**What to work on**
Copy word for word the lines of the records below, beginning at the one with "The Gears Clock" and finishing at the one with "This idea works", ends included, but none of the pictures.

**Collected data entries**
+ + + + +
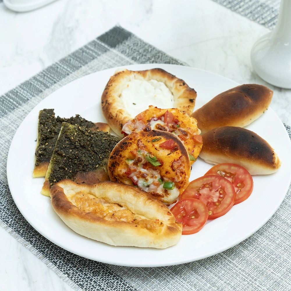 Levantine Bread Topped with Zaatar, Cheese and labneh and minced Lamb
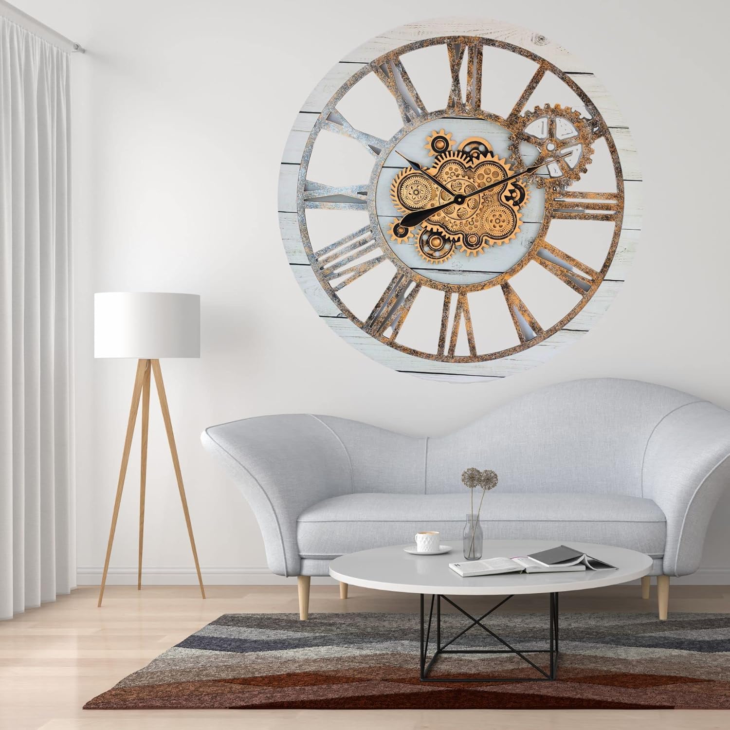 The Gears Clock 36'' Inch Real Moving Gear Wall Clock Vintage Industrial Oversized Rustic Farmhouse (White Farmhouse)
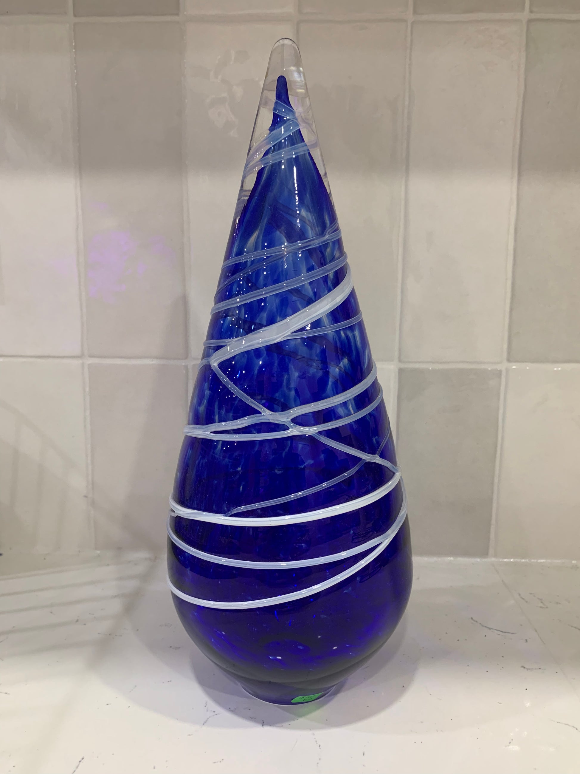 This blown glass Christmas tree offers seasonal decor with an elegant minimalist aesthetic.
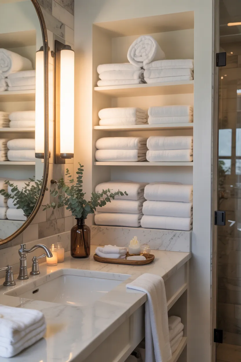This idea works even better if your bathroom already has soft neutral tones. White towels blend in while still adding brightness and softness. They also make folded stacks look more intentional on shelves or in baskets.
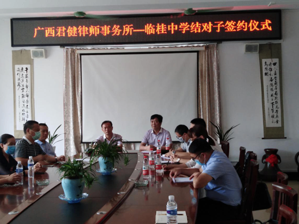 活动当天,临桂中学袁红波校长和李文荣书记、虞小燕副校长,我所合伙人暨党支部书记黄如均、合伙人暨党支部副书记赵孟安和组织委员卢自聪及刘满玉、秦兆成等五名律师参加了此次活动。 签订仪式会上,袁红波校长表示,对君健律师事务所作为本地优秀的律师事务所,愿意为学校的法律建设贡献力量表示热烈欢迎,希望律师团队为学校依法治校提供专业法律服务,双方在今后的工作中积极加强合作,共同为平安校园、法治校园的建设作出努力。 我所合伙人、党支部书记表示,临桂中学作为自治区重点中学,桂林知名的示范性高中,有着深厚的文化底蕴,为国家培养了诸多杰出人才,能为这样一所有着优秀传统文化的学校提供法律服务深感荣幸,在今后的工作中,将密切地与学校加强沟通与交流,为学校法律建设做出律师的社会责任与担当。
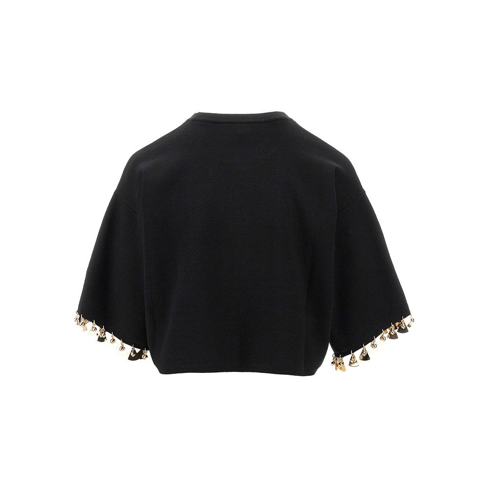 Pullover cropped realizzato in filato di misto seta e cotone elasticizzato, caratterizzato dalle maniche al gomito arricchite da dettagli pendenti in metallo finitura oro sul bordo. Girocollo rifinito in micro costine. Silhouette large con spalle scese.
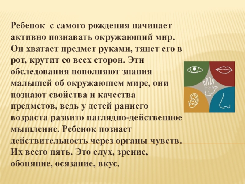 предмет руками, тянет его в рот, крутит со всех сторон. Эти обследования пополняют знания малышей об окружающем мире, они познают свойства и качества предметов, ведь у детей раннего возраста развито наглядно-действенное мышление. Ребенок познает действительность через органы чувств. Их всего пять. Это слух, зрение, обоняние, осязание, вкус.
+ + + + +
**Answer box**
 The Gears Clock 36'' Inch Real Moving Gear Wall Clock Vintage Industrial Oversized Rustic Farmhouse (White Farmhouse)
 This blown glass Christmas tree offers seasonal decor with an elegant minimalist aesthetic.
This idea works even better if your bathroom already has soft neutral tones. White towels blend in while still adding brightness and softness. They also make folded stacks look more intentional on shelves or in baskets.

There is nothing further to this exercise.